Saturday, July 19, 2014

Golang parser generator [ebnf,yacc,lex]

example project https://github.com/noypi/schedparser,

1) create your ebnf file, example:

example:

 decimal_digit     = .  
 ordinal = .  
 day  = .  
 month     = .  
 every = .  
 hrs = .  
 mins = .  
 secs = .  
 time = .  
 comma = .  
 newline = .  
 Days = day { comma day } .  
 Months = month { comma month }.  
 RecurByTime = every decimal_digit (hrs|mins|secs) ["from" time "to" time] .  
 RecurByDay = (every|ordinal) Days ["of" (Months)] (time) .  
 SchedLine = newline | RecurByTime | RecurByDay .  
 Sched = SchedLine { SchedLine } .  

2) Convert EBNF to yacc,

download and build "https://github.com/cznic/ebnf2y"

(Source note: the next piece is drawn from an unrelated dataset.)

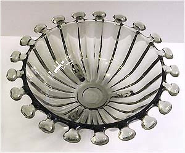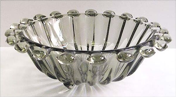 Der schalenförmige Korpus aus turmalin-farbenem, feuerpoliertem Pressglas wird außenseitig durch aneinandergereihte, bandförmige Stege untergliedert, die sich im Randbereich in linsenartige Adnexe fortsetzten. Unterseitig plan geschliffener Boden, zudem drei sich flach vorwölbende Füße. Außendurchmesser ca. 19 cm, Höhe ca. 6,5 cm, minimale Gebrauchsspuren. Unbezeichnet, wohl Ende der 1960er, Anfang der 1970er Jahre. Evtl. VEB Glaswerke Schwepnitz, Entw. evtl. Fritz Keuchel (*1933)??
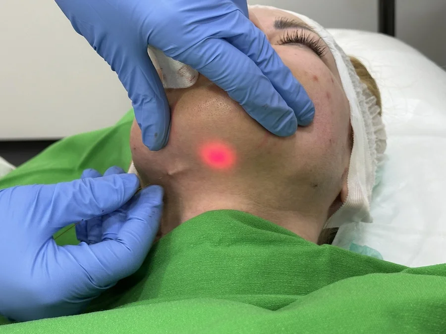 - Procedimientos de desinfección, marcaje de áreas a tratar y anestesia tópica según tolerancia del paciente.

 ebnf2y -pkg gen -start Sched sched.ebnf > sched.y  

3) modify sched.y

3.1) remove the demo section
3.2) update data structures, see example from link below;
https://github.com/noypi/schedparser/blob/36e3882a18bc2d09bf77ca19eded978e321c7af0/gen/sched.y#L219-L250

3.3) update the TODOs, see example from link below;
https://github.com/noypi/schedparser/blob/36e3882a18bc2d09bf77ca19eded978e321c7af0/gen/sched.y#L187-L216

4) convert sched.y to go source


 go tool yacc -p Sched -o sched.y.go sched.y  

5) create your lex

from sched.ebnf, you can see that there are empty "= .",  see example from link below;
https://github.com/noypi/schedparser/blob/36e3882a18bc2d09bf77ca19eded978e321c7af0/gen/sched.ebnf#L1-L11

Lex will tell yacc that the next batch of characters is a "decimal_digit" or an "ordinal" or "day", or "month"...etc. Example;
https://github.com/noypi/schedparser/blob/36e3882a18bc2d09bf77ca19eded978e321c7af0/gen/sched.l#L42-L67

Our lex inserts a few code inside Lex(), note that our SchedLex follows yacc's interface requirements, which is:

 type SchedLexer interface {  
      Lex(lval *SchedSymType) int  
      Error(s string)  
 }  

see sample code where it started:
https://github.com/noypi/schedparser/blob/36e3882a18bc2d09bf77ca19eded978e321c7af0/gen/sched.l#L7-L23
 

6) Convert lex to go source

6.1) download and build "https://github.com/cznic/golex"
6.2) Execute the command

 golex -t -o sched.yy.go sched.l | gofmt > sched.yy.go   


6.3) Parsing starts by invoking the method SchedParse()

7) done